Tribunal Administratif de Nice — Décision N° TA06-2502440

mardi 13 mai 2025

JuridictionTribunal Administratif de Nice
SectionTribunal Administratif de Nice
N° DossierTA06-2502440
TypeOrdonnance
RecoursExcès de pouvoir
PublicationD
Avocat requérantBAKARY AFISSOU

Résumé IA

Le Tribunal Administratif de Nice a rejeté la requête de M. A, qui contestait un arrêté du préfet des Alpes-Maritimes portant à trois ans la durée d'une interdiction de retour sur le territoire français. La requête a été jugée irrecevable car tardive, ayant été enregistrée plus de dix mois après la notification de la décision attaquée, alors que le délai de recours était de quinze jours. En conséquence, le tribunal a rejeté l'ensemble des conclusions, y compris celles aux fins d'injonction et au titre des frais de justice, sur le fondement des articles L. 614-5 et R. 922-17 du code de l'entrée et du séjour des étrangers et du droit d'asile.

Texte intégral

Vu la procédure suivante :

Par une requête, enregistrée le 4 mai 2025, M. B A, représenté par Me Bakary, demande au tribunal :

1°) d'annuler l'arrêté du 26 juin 2024 par lequel le préfet des Alpes-Maritimes a porté la durée de l'interdiction de retour sur le territoire du 24 mars 2024 à une durée de trois ans ;

2°) d'enjoindre au préfet des Alpes-Maritimes de procéder à l'effacement du signalement aux fins de non admission inscrit au système d'information Schengen ;

3°) d'enjoindre au préfet des Alpes-Maritimes de réexaminer sa situation et dans l'attente de lui délivrer un titre de séjour ;

4°) de mettre à la charge de l'Etat une somme de 1 200 euros en application de l'article L. 761-1 du code de justice administrative et de l'article 37 de la loi du 10 juillet 1991.

Il soutient que :

- l'arrêté en litige est insuffisamment motivé ;

- il est entaché d'un vice de procédure ;

- il méconnaît les stipulations de l'article 8 de la convention européenne de sauvegarde des droits de l'homme.

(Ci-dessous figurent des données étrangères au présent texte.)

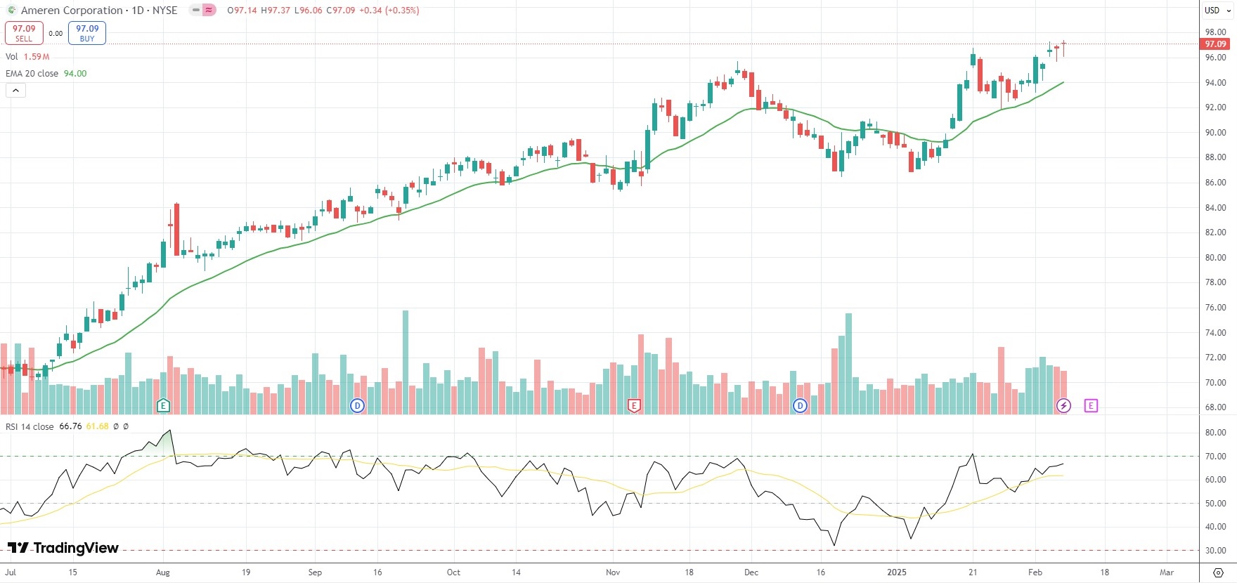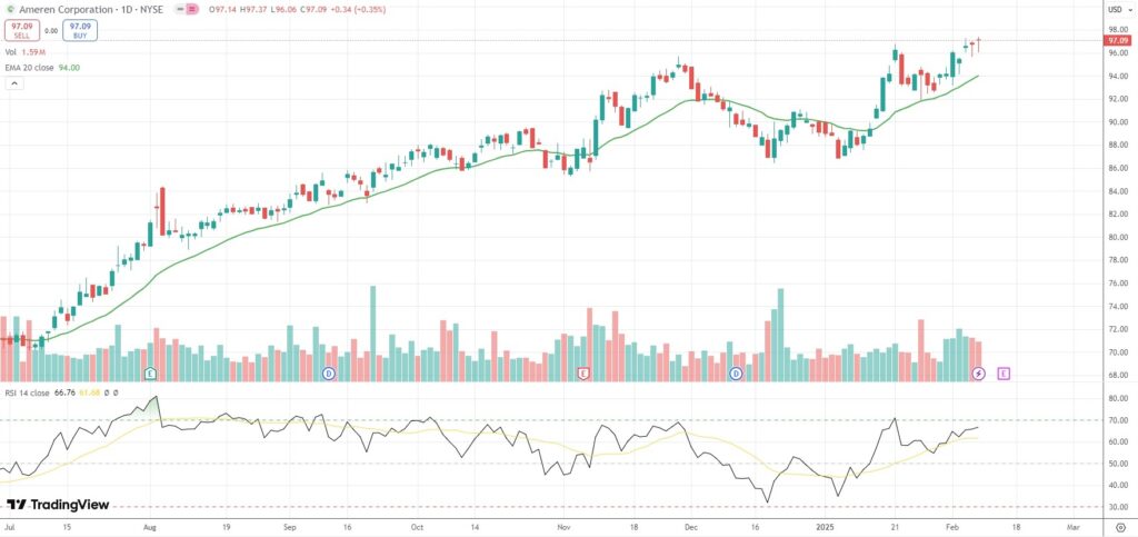 The shares of Ameren Corp (AEE) closed 0.35% ($0.34) higher at $97.09 in New York on Friday.

Vu les autres pièces du dossier.

Vu :

- le code de l'entrée et du séjour des étrangers et du droit d'asile ;

- le code de justice administrative.

La présidente du tribunal a désigné Mme Guilbert, conseillère, pour statuer en qualité de juge du contentieux de l'éloignement sur les requêtes instruites selon les dispositions des articles L. 921-1 et suivants du code de l'entrée et du séjour des étrangers et du droit d'asile.

Considérant ce qui suit :

1. Aux termes de l'article R. 900-1 du code de l'entrée et du séjour des étrangers et du droit d'asile dispose que : " Conformément à l'article L. 900-1, les requêtes dirigées contre les décisions prévues au présent code sont présentées, instruites et jugées selon les dispositions du code de justice administrative, sous réserve des dispositions du présent livre. ". Aux termes de l'articles L.614-5 du code de l'entrée et du séjour des étrangers et du droit d'asile en vigueur à la date de la décision et applicable aux décisions portant interdiction de retour sur le territoire : " Lorsque la décision portant obligation de quitter le territoire français prise en application des 1°, 2° ou 4° de l'article L. 611-1 est assortie d'un délai de départ volontaire, le président du tribunal administratif peut être saisi dans le délai de quinze jours suivant la notification de la décision. ". Aux termes de l'article L.921-1 du même code en vigueur à la date de la présente ordonnance : " Lorsqu'une disposition du présent code prévoit qu'une décision peut être contestée selon la procédure prévue au présent article, le tribunal administratif peut être saisi dans le délai de sept jours à compter de la notification de la décision. Sous réserve de l'article L. 921-4, il statue dans un délai de quinze jours à compter de l'introduction du recours. () ". Enfin, selon les termes de l'article R. 922-17 de ce code : " Le jugement est rendu, sans conclusions du rapporteur public, par le président du tribunal administratif ou le magistrat qu'il désigne à cet effet. / Les attributions dévolues par les dispositions réglementaires du code de justice administrative à la formation de jugement ou à son président sont exercées par ce magistrat. / Il peut, par ordonnance : / () 4° Rejeter les recours entachés d'une irrecevabilité manifeste non susceptible d'être couverte en cours d'instance. ".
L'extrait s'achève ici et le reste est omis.